In 1953, a Spanish film was entered into the Cannes Film Festival. It won the award for ‘good humour’. The film is considered to be a masterpiece of Spanish cinema, an accolade which is especially noteworthy given when it was made.
The comedy plot of the film centred on preparations in a village which all came to nought when a motorcade passed straight through it. In the vehicles were Americans, and the villagers’ welcoming preparations had been in hope of being beneficiaries of American aid.
The film was entitled ‘Bienvenido, Mister Marshall’ (Welcome, Mister Marshall) after the Marshall Plan. (Spain belatedly received US aid, albeit this wasn’t part of the Marshall Plan.)
This title passed into general usage. Essentially, it conveys a warning against being deluded where investment is concerned, and Welcome, Mister Marshall has been raised in respect of the European funds expected to flow into the Balearics and bring about economic reconstruction.
This reconstruction demanded a rearrangement of the cabinet.
European funds have assumed a centrality that they hadn’t previously. They were tucked away in a safe in the bowels of the finance ministry.
They are now a ministry not quite of their own because, for reasons that aren’t entirely clear, they have been lumped in with university and culture. Still, European funds command a place around the cabinet table, and the funds manager, the minister, is Miquel Company.
The minister has been asked if there isn’t a risk of a Euro funds Welcome, Mister Marshall.
Everything appears to rely on them. Are we deluding ourselves? Not so, says the minister, whose response would appear to indicate that villages in Mallorca and elsewhere in the Balearics will not need to prepare their 2021-correct versions of 1953, replete with ball de bot (rather than flamenco, as was the case in the film), sobrassada delicacies and groups of schoolchildren reciting folk tales in Catalan.
Euro benefactors will not be sweeping through villages in their motorcades, as - for one reason - the Balearics will not be betting everything on their funds.
As befits a minister new to his post, and especially a post that promises great riches, Miquel Company has been doing the rounds of interviews. In one, he explained that while Euro funds are essential, there will also be a restructuring of the government’s existing funds, those spent by other ministries. “We will all have to do our bit in order to overcome this situation (the crisis) and think about the new, more sustainable, efficient and digital era.”
What does this mean? Are other ministries to be deprived? Seemingly not, but they will need to align spending in accordance with the grand projects for which Euro funds will pay.
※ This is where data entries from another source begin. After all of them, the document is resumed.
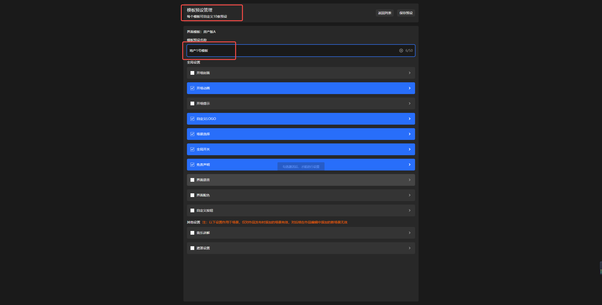 而本次更新推出的“模板预设”功能是在作品开始制作前完成各项全局内容设置,方便快捷。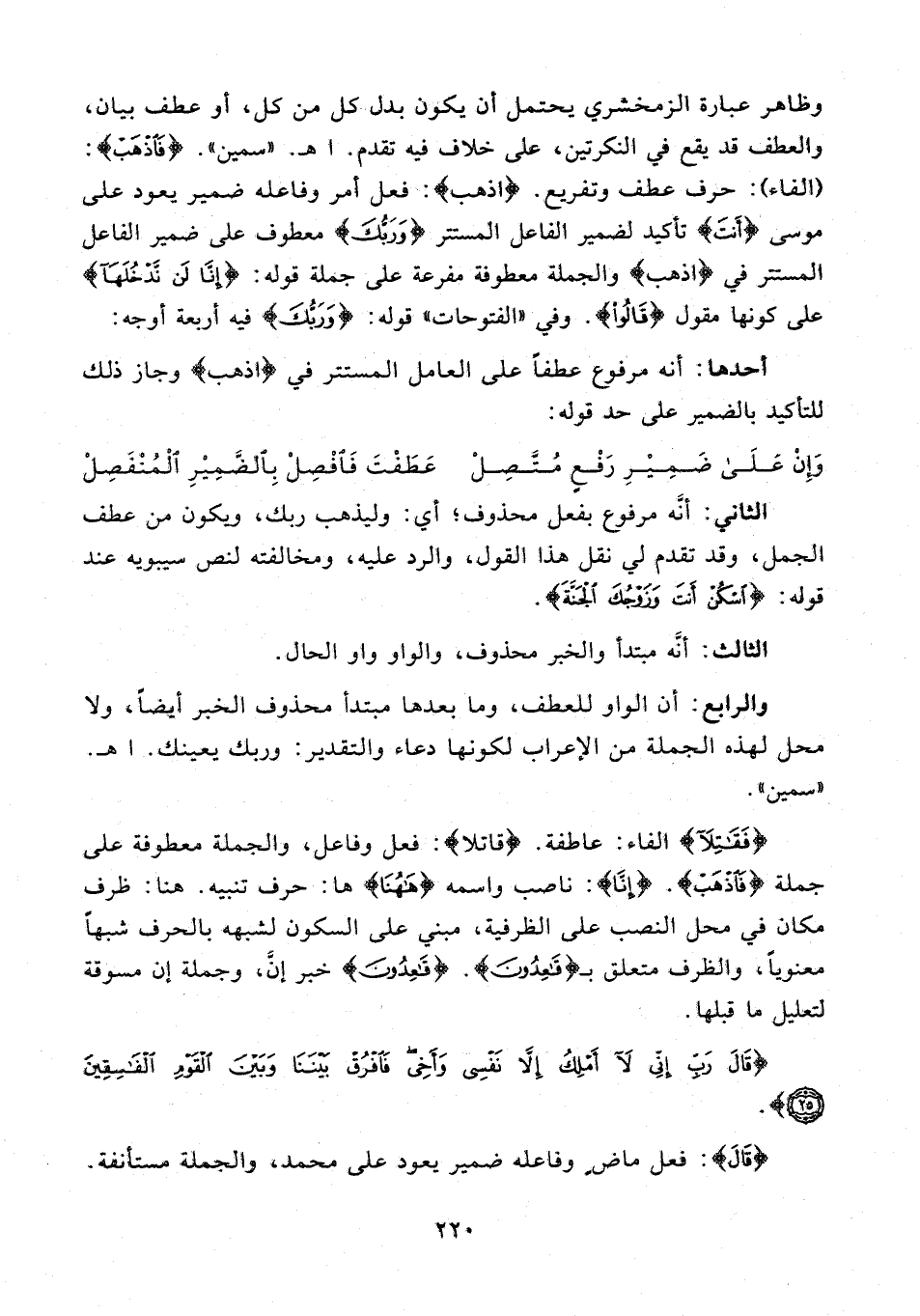 وظاهر عبارة الزمخشري يحتمل أن يكون بدل كل من كل، أو عطف بيان، والعطف قد يقع في النكرتين، على خلاف فيه تقدم. اهـ. "سمين". {فَاذْهَبْ}: (الفاء): حرف عطف وتفريع. {اذهب}: فعل أمر وفاعله ضمير يعود على موسى {أَنْتَ} تأكيد لضمير الفاعل المستتر {وَرَبُّكَ} معطوف على ضمير الفاعل المستتر في {اذهب} والجملة معطوفة مفرعة على جملة قوله: {إِنَّا لَنْ نَدْخُلَهَا} على كونها مقول {قَالُوا}. وفي "الفتوحات" قوله: {وَرَبُّكَ} فيه أربعة أوجه: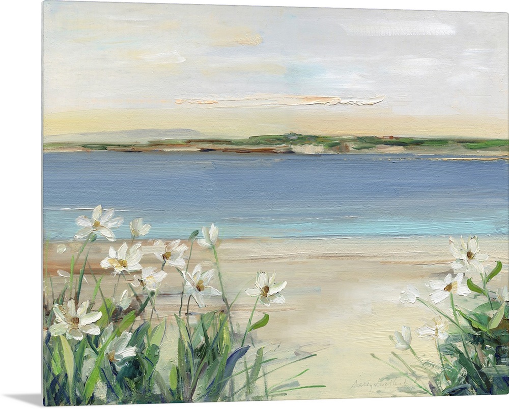<p>Warm sand settling under your toes, crystal blue waves crashing softly in your ears, fresh ocean breezes sweeping your hair, warm sun on your skin—somehow art by Sally Swatland manages to capture what a day at the beach really feels like. Somewhere between her bright sandy whites, deep aquatic blues, and vibrant grassy greens, her seaside landscapes bring that perfect calming beach vibe into any room. Like holding a seashell to your ear to hear the ocean, looking into one of her paintings is like looking through a window to see the perfect beach scene. From the soft whisper of fresh blossoms or the bright pop of a sun-kissed shoreline, Sally Swatland’s wall art captures a piece of summer to keep all year round.</p>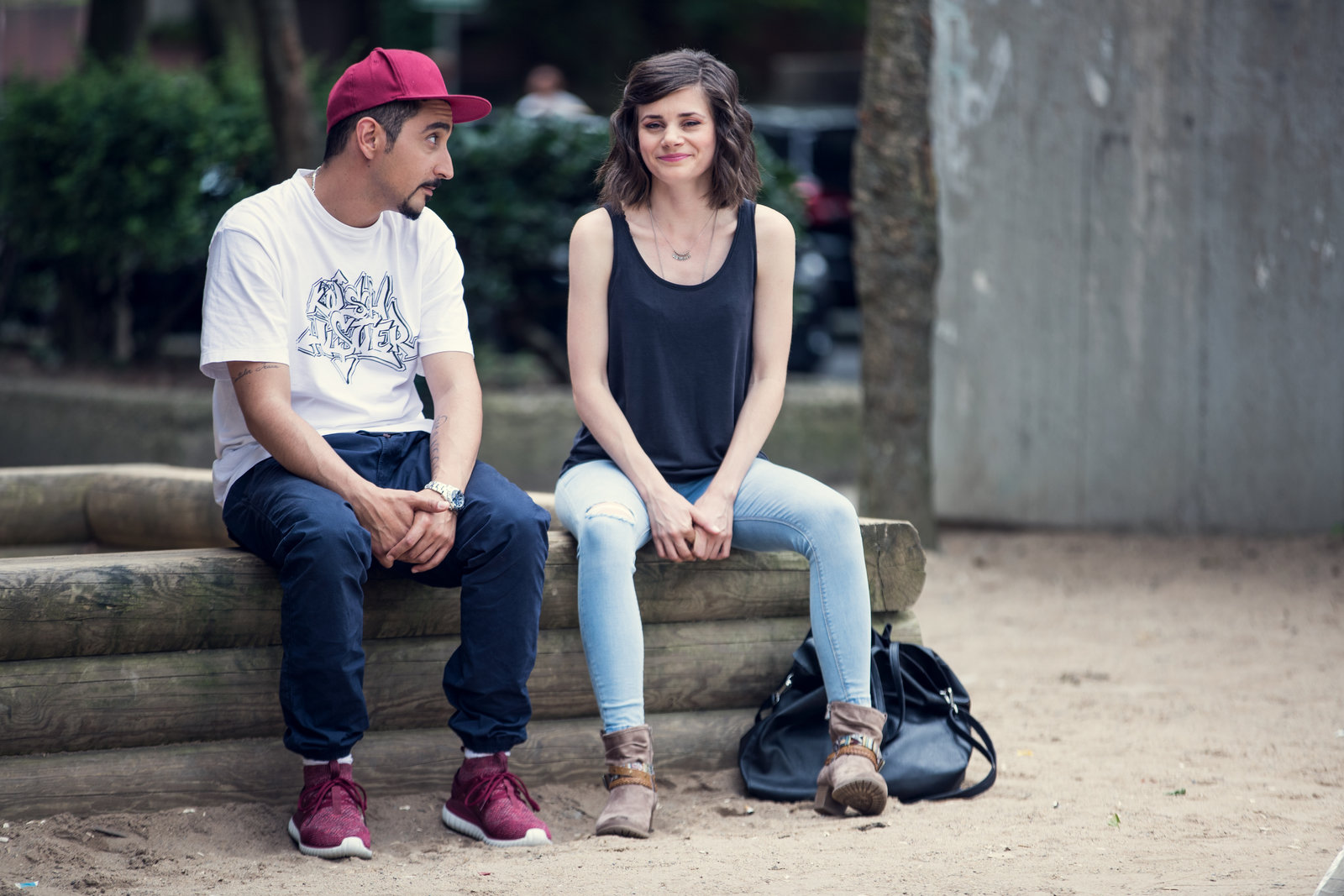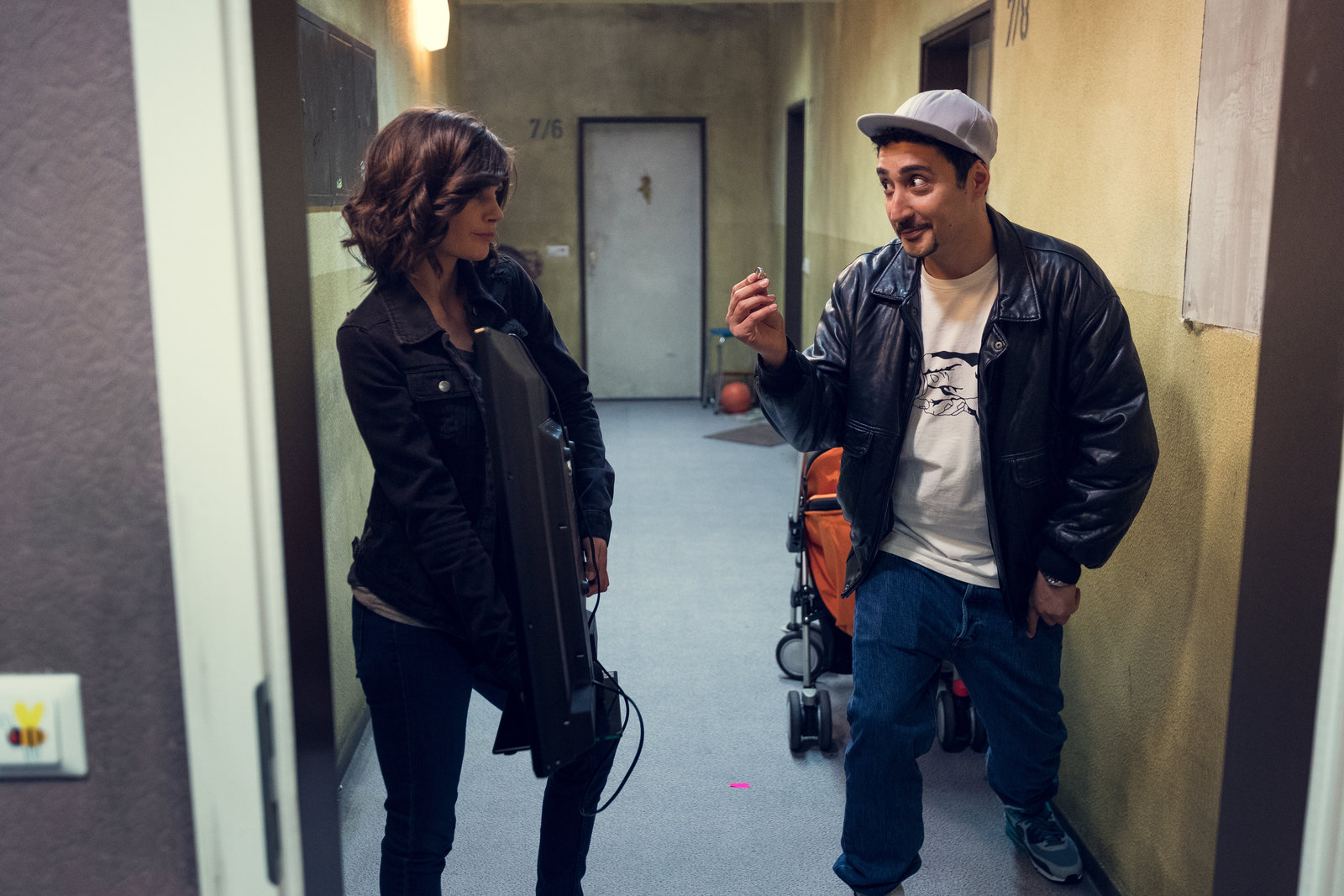 ComebackFlirtversuche im Hausflur: Mit charmanten Gesten versucht Sol (Eko Fresh, r.), Jessica (Joyce Ilg, l.) zurückzugewinnen.Bild: © ZDF und Efe Cetinoezman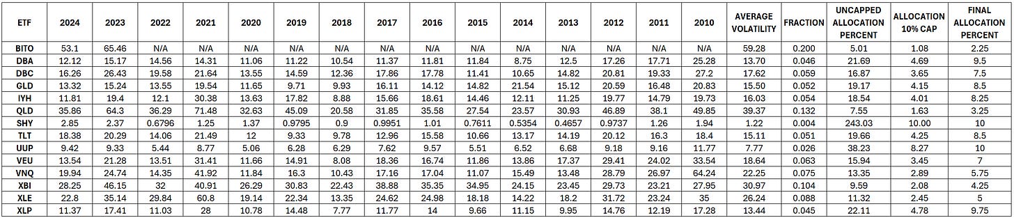 To determine the static allocations for each ETF, I calculated the volatility of each ETF for every year from 2010 to 2024 and averaged the results. Then I found the allocation required to give to each ETF such that they contribute equally to the overall portfolio. Then I capped any individual allocation at 10% and scaled the remaining allocations up until exposure summed to 100%. Those allocations are shown in the table below: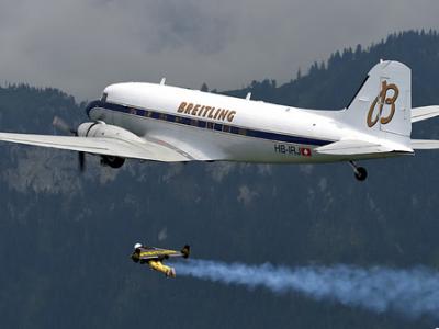 瑞士“钢铁侠”与客机共同飞翔

The Balearics already have plans to spend 5,000 million euros on these projects, all of which will need to be analysed and prioritised. There are problems to be addressed, notes the minister, such as those to do with transport, energy, housing, water ... . Ultimately, because the EU is insisting on this, projects have to meet criteria for green and digital transformation.
As noted in yesterday’s article, these objectives are shared by the Balearic and Spanish governments as well as by representatives of big business, which - it is hoped - will be pitching in with its own funds as well. In principle, therefore, all seems in good order to facilitate the flow of funds.
There is, however, one potential snag, and that is because there are seventeen regions plus the north African cities all wanting their share of the Euro funds jackpot. To name but one project in one region, there is the Basque Country’s vision of a ‘corridor of hydrogen’, backed by an impressive array of businesses and which wouldn’t say no to 1,300 million of Euro funds.
In theory, there should be enough of this Euro Next Generation kind-of-Marshall Plan to suit the needs of all regions and the Spanish government, but if there is any suspicion that the Balearics might be left welcoming Mister Marshall, the wheels are already well and truly in motion in ensuring not.
As an example of this, President Armengol told the European Parliament’s regional development committee on Wednesday that regions most badly affected by the pandemic should get priority.
That means that the Balearics should get priority.
Nothing has yet been decided and nothing will be decided until Brussels has signed off on the Spanish plan for investing the Euro funds. It is here where some doubts creep in.
Mindful though the Spanish government will be of regions’ ambitions for splashing the Euro cash, a Balearic view is that Madrid does have a tendency to skimp somewhat when it comes to generosity for the islands.
Miquel Company is confident that this will not be the case and that Madrid will be sensitive to the “Balearic reality”. One trusts that his confidence will not be misplaced. He won’t wish to be welcomed as Mister Marshall.